=== Task description ===
The records that follow are to be repeated in full, with no pictures retained.

=== Source information ===

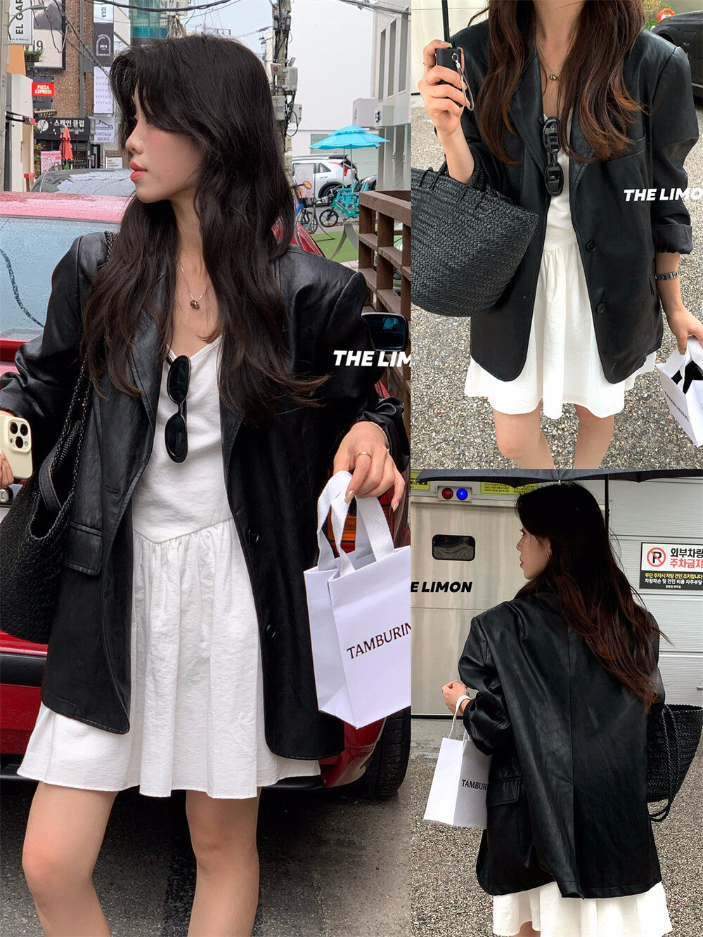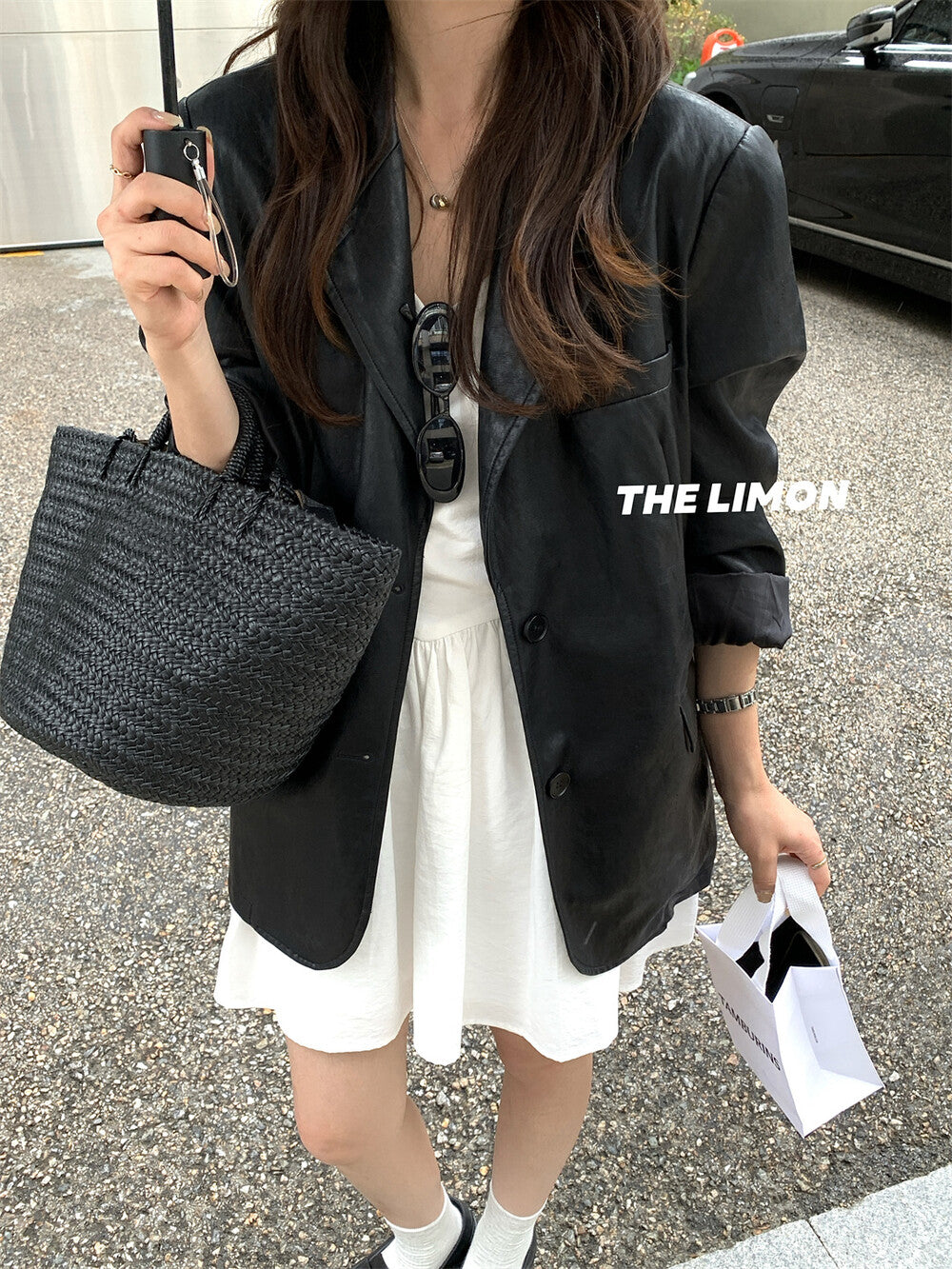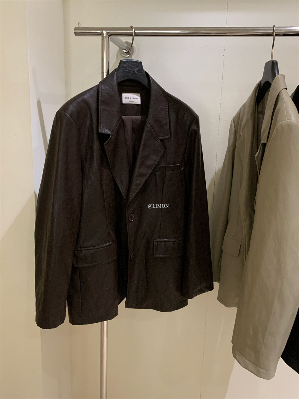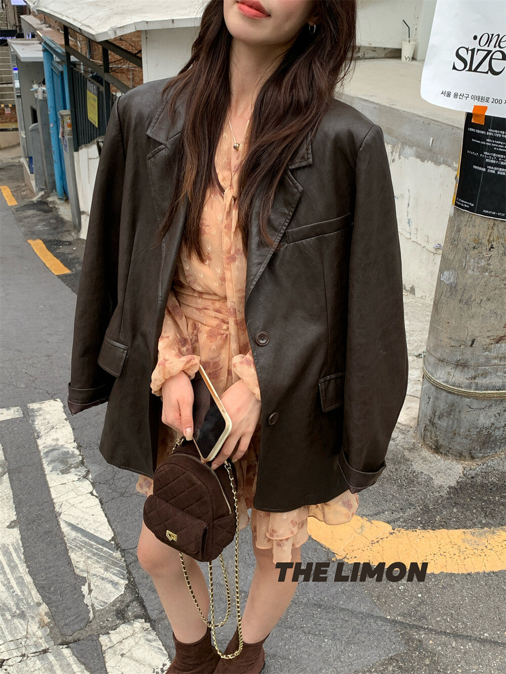 【C6942】高級感寬鬆顯瘦氣質西裝皮衣
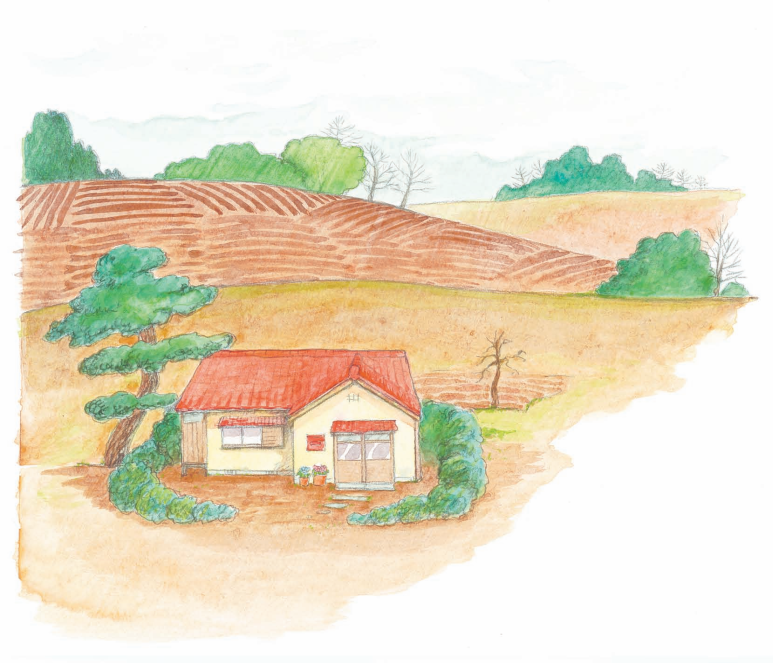 在远处的田野中有一座房子。
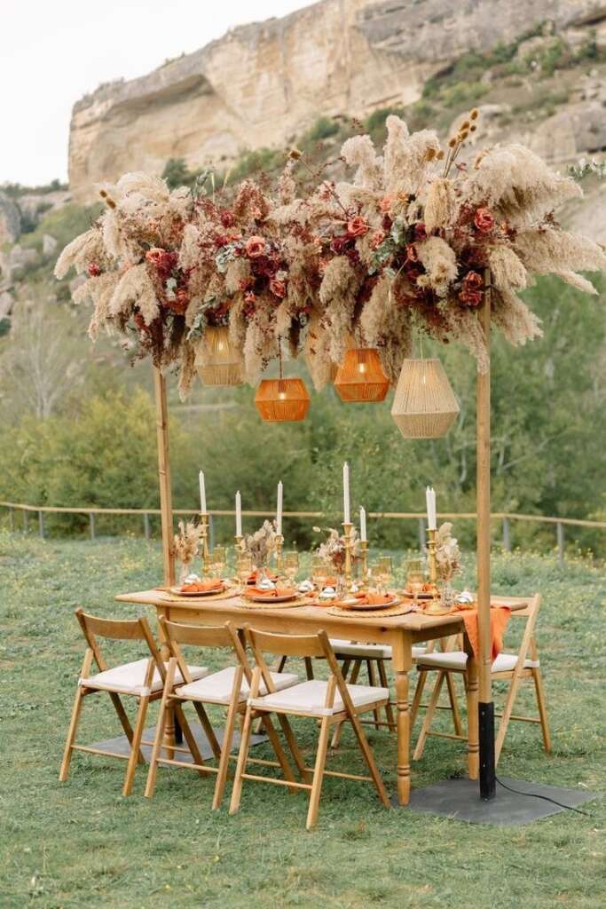 O boho sempre vem acompanhado por muitos capim dos pampas, paleta terracota e elementos em madeira.
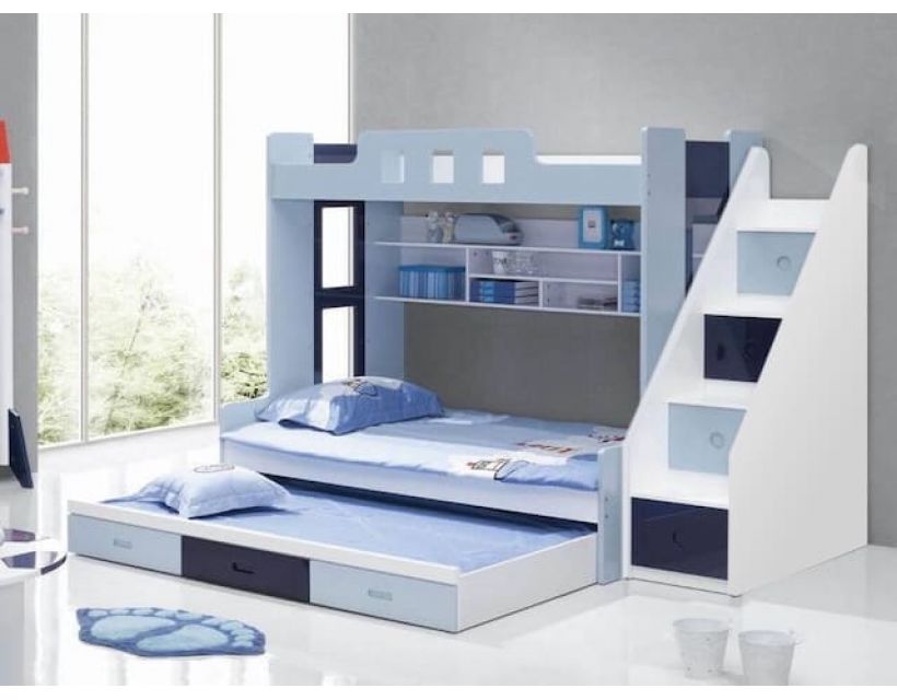 Размеры: Высота 1800 мм Длина 2300 мм Глубина 1200 мм Верхнее спальное место 800*1900 мм Нижнее спальное место 1200*1900 мм Выдвижное спальное место 800*1800 мм Цвет и размеры кровати можно заказать индивидуально! Благодаря огромному выбору цветового решения, вы подберете именно ту модель, которая понравится вашему ребенку. Такая кровать поразит вас своей компактностью, вместительностью и практичностью. Цвет и размер можно подобрать индивидуально по желанию клиента. Данный товар изготавливается под заказ. Срок изготовления зависит от загруженности завода. Цвета на выбор в ассортименте. Возможно изготовление в комбинации из нескольких цветов. Детская выдвижная кровать чердак для троих детей ВКТ 4   Цвет и размер можно подобрать индивидуально по желанию клиента. Дополнительно к базовой модели мы можем установить для Вашего удобства: ✔Дополнительный ортопедический матрас.
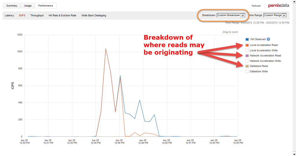 The desired result for the Latency tab is to have the “VM Observed” line as low and as consistent as possible. There may be times where the VM observed latency is not quite as low as you might expect. The causes for this are numerous, and subject for another post, but FVP will provide some good indications as to some of the sources of that latency. Switching over to the “Custom Breakdown” described earlier, you can see this more clearly. This view can be used as an effective tool to help better understand any causes related to an occasional latency spike.

=== Result of this task ===
 【C6942】高級感寬鬆顯瘦氣質西裝皮衣
 在远处的田野中有一座房子。
 O boho sempre vem acompanhado por muitos capim dos pampas, paleta terracota e elementos em madeira.
 Размеры: Высота 1800 мм Длина 2300 мм Глубина 1200 мм Верхнее спальное место 800*1900 мм Нижнее спальное место 1200*1900 мм Выдвижное спальное место 800*1800 мм Цвет и размеры кровати можно заказать индивидуально! Благодаря огромному выбору цветового решения, вы подберете именно ту модель, которая понравится вашему ребенку. Такая кровать поразит вас своей компактностью, вместительностью и практичностью. Цвет и размер можно подобрать индивидуально по желанию клиента. Данный товар изготавливается под заказ. Срок изготовления зависит от загруженности завода. Цвета на выбор в ассортименте. Возможно изготовление в комбинации из нескольких цветов. Детская выдвижная кровать чердак для троих детей ВКТ 4   Цвет и размер можно подобрать индивидуально по желанию клиента. Дополнительно к базовой модели мы можем установить для Вашего удобства: ✔Дополнительный ортопедический матрас.
 The desired result for the Latency tab is to have the “VM Observed” line as low and as consistent as possible. There may be times where the VM observed latency is not quite as low as you might expect. The causes for this are numerous, and subject for another post, but FVP will provide some good indications as to some of the sources of that latency. Switching over to the “Custom Breakdown” described earlier, you can see this more clearly. This view can be used as an effective tool to help better understand any causes related to an occasional latency spike.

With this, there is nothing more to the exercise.